Task description: Could every line of the listing be output exactly, with the pictures skipped?

Supplied data:
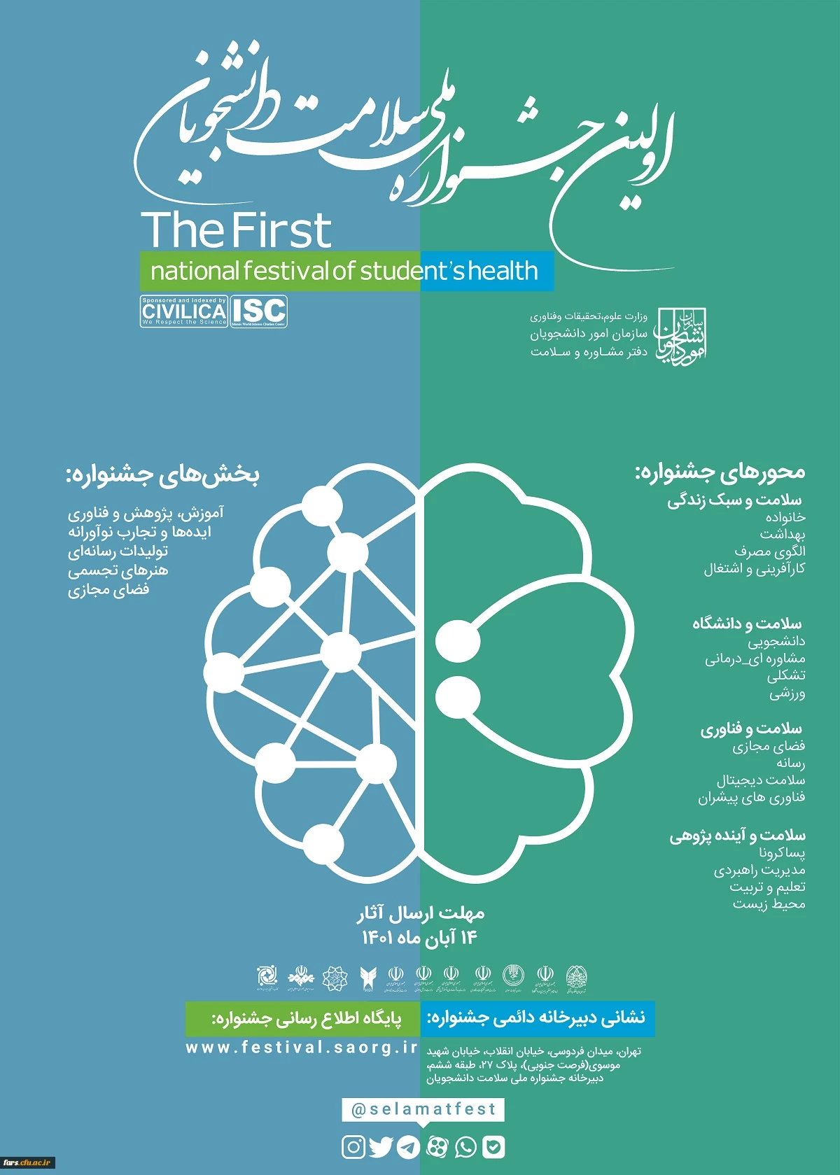 مهلت ارسال آثار به دبیرخانه در اولین جشنواره ملی سلامت روان دانشجویان کشور تا تاریخ 14 بهمن ماه سال جاری تمدید شد. 3
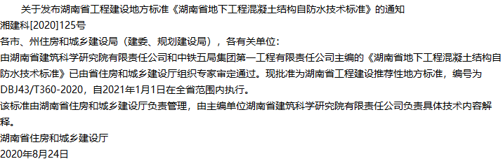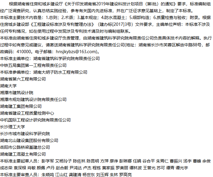 湖南省地下工程混凝土结构自防水技术标准收藏
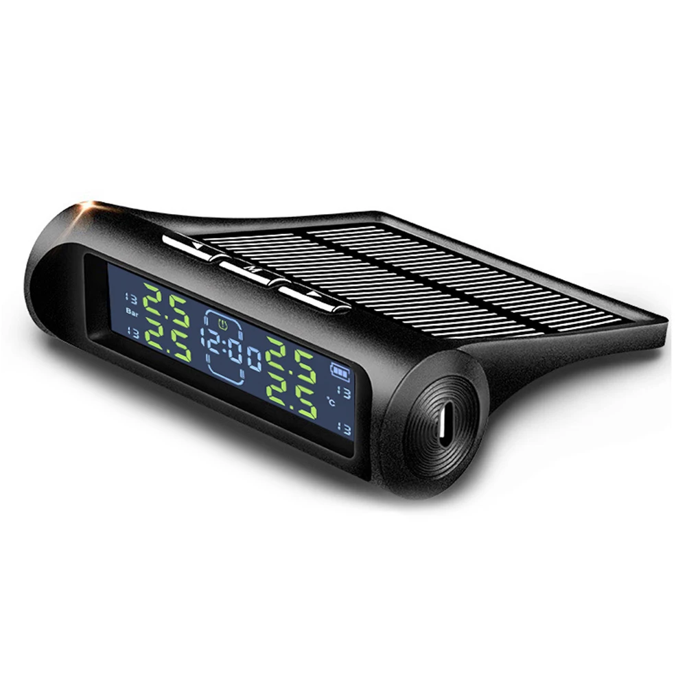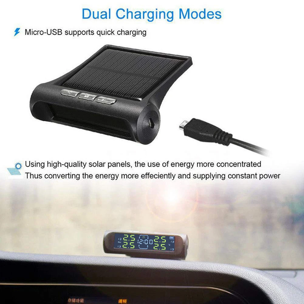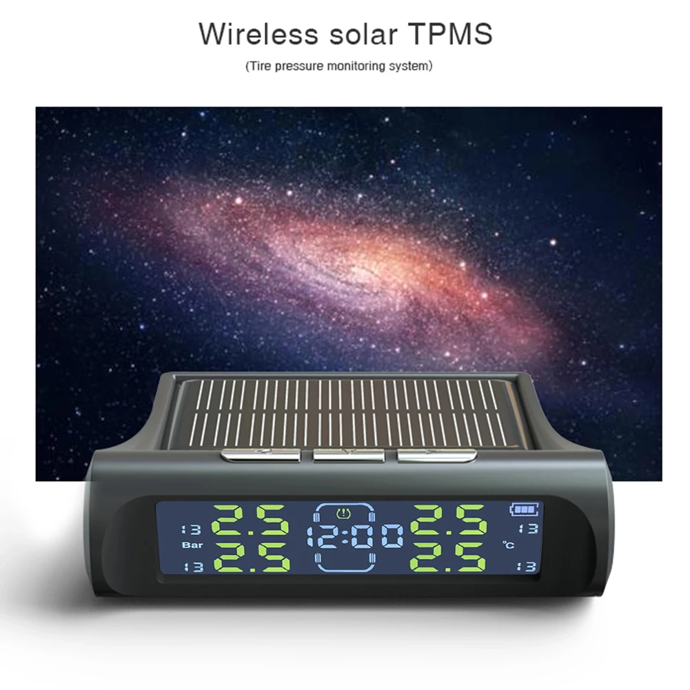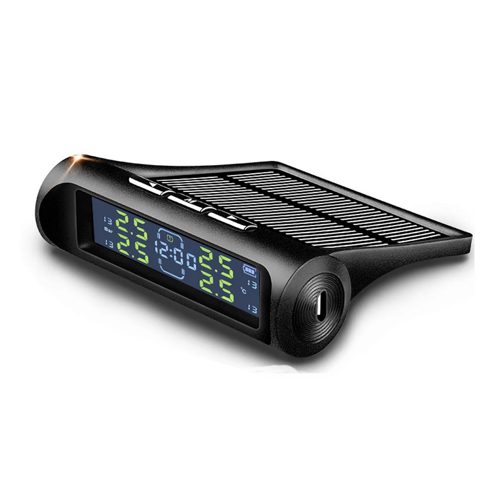 AN-01D 2 в 1 автомобильные солнечные часы TPMS с ЖК-дисплеем, автоматическая система контроля давления в шинах и температуры с 4 датчиками
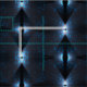 En abstrakt målning av blått på svart har ändrats in i ett geometriskt mönster och skrivs ut på bomullstyg. Den ger verkställa av ljus.

Solution to the problem:
 مهلت ارسال آثار به دبیرخانه در اولین جشنواره ملی سلامت روان دانشجویان کشور تا تاریخ 14 بهمن ماه سال جاری تمدید شد. 3
 湖南省地下工程混凝土结构自防水技术标准收藏
 AN-01D 2 в 1 автомобильные солнечные часы TPMS с ЖК-дисплеем, автоматическая система контроля давления в шинах и температуры с 4 датчиками
 En abstrakt målning av blått på svart har ändrats in i ett geometriskt mönster och skrivs ut på bomullstyg. Den ger verkställa av ljus.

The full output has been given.